Images from 2D TIRF-SIM-TFM and aTFM microscopic methodologies.
Images from 2D TIRF-SIM-TFM and aTFM microscopic methodologies.

Two recent publications from the Biophysical Immunology Lab, led by Prof Fritzsche at the Rosalind Franklin Institute and Kennedy Institute of Rheumatology at the University of Oxford, have established novel methodologies to measure the small forces occurring in immune cells during an immune response.

The work, led by Dr. Huw Colin-York and Liliana Barbieri in Prof Marco Fritzsche's group, develops and applies new force probing methodologies by combining traction force microscopy and the unique TIRF-SIM technology established between the Fritzsche and Dustin groups in close collaboration with Prof Dong Li (Institute of Biophysics at the Chinese Academy of Science) and Prof Eric Betzig (HHMI Janelia, Noble Laureate in chemistry 2014) at the Kennedy. 

Quantifying small, rapidly evolving forces generated by cells of the immune system is a major challenge for the understanding of biomechanics and mechanobiology in health and disease. The establishment of the two force probing methods allows for measurement of small forces on the pico-Newton range at unprecedented sensitivity in 2D and 3D.

Prof Fritzsche says: "These methods offers a combination of spatio-temporal resolution enhancement relevant to forces on the nano- and sub-second scales, opening up new aspects of mechanobiology of the immune response to analysis."

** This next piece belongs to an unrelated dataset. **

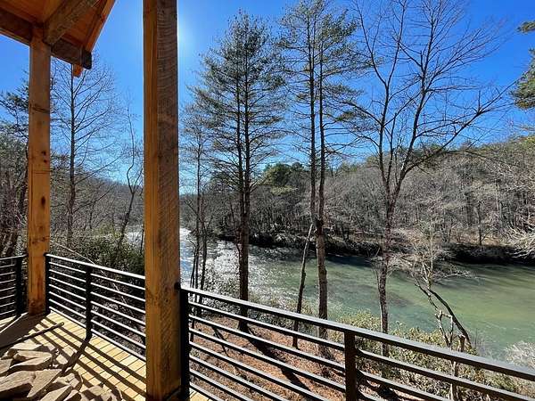 Carefully designed to bring you a luxurious river living experience, this newly constructed retreat is beyond captivating. You'll be greeted by the sounds and scenes of the glistening Toccoa River and quickly notice that this rustic yet elegant retreat was built with just that in mind. Both indoors and out you'll appreciate the balance of mixed materials that create a warm and relaxing environment. Outdoors you'll find two levels of covered decking that overlook the water complete with a stone fireplace on each level, along with access to the water's edge, and landscaping that has been thoughtfully planned to elevate first impressions. Indoors the modern finishes and rustic elements work together to bring you a cozy and stylish living space. The main level offers an open great room with soaring ceilings and a stone fireplace and leads right to the main level covered deck, the kitchen and dining area are just off the great room with fantastic prep and storage space, the primary suite which also features the washer and dryer, and additional ensuite. On the terrace level you'll find a secondary living room complete with wet bar and fireplace, as well as two additional bedrooms and bathrooms + flex/office space and access to the lower-level porch and to the water. This modern rustic showstopper is the ultimate space to entertain and sleep guests, yet when they're all gone it still offers an intimate feel. Other highlights include granite countertops, stainless appliances, tile showers, custom cabinetry, and more. You'll enjoy the best of both worlds - submerging yourself in the great outdoors and what the mountain and river life have to offer while also enjoying easy and quick access to amenities galore - it's just minutes to downtown Blue Ridge and McCaysville, Old Toccoa Farm Golf Club, Lake Blue Ridge, and more. This dreamy haven is one you don't want to let pass you by. It's all in the details at River Chase Way...
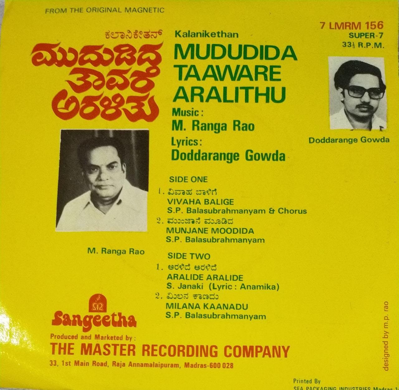 Muddudida Taaware Aralithu Kannada Film EP Vinyl Record by M Ranga Rao

The study was carried out in close collaboration with Prof Dustin at the Kennedy Institute and Prof Emad Moendarbary's group at UCL and was published in two papers in Nature Communications earlier this month.

Li D*, Colin-York H*, Barbieri L*, Javanmardi Y, Guo T, Korobchevskaya K, Moendarbary E, Li D, Fritzsche M, Astigmatic Traction force microscopy (aTFM), Nature Communications, 2021 (*co-first authors). 

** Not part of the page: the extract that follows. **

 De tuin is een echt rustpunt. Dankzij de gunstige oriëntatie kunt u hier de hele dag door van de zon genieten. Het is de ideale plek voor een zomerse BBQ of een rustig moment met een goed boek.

Barbieri L*, Colin-York H*, Korobchevskaya K*, Li D, Karedla N, Schneider F, Dustin M, Li D, Fritzsche M, Two-dimensional TIRF-SIM Traction Force Microscopy (2D TIRF-SIM-TFM), Nature Communications, 2021 (*co-first authors). 

Korobchevskaya K, Colin-York H, Barbieri L, Fritzsche M, Extended mechanical force measurements using structured illumination microscopyPhilosophical Transactions Royal Society A, 2021.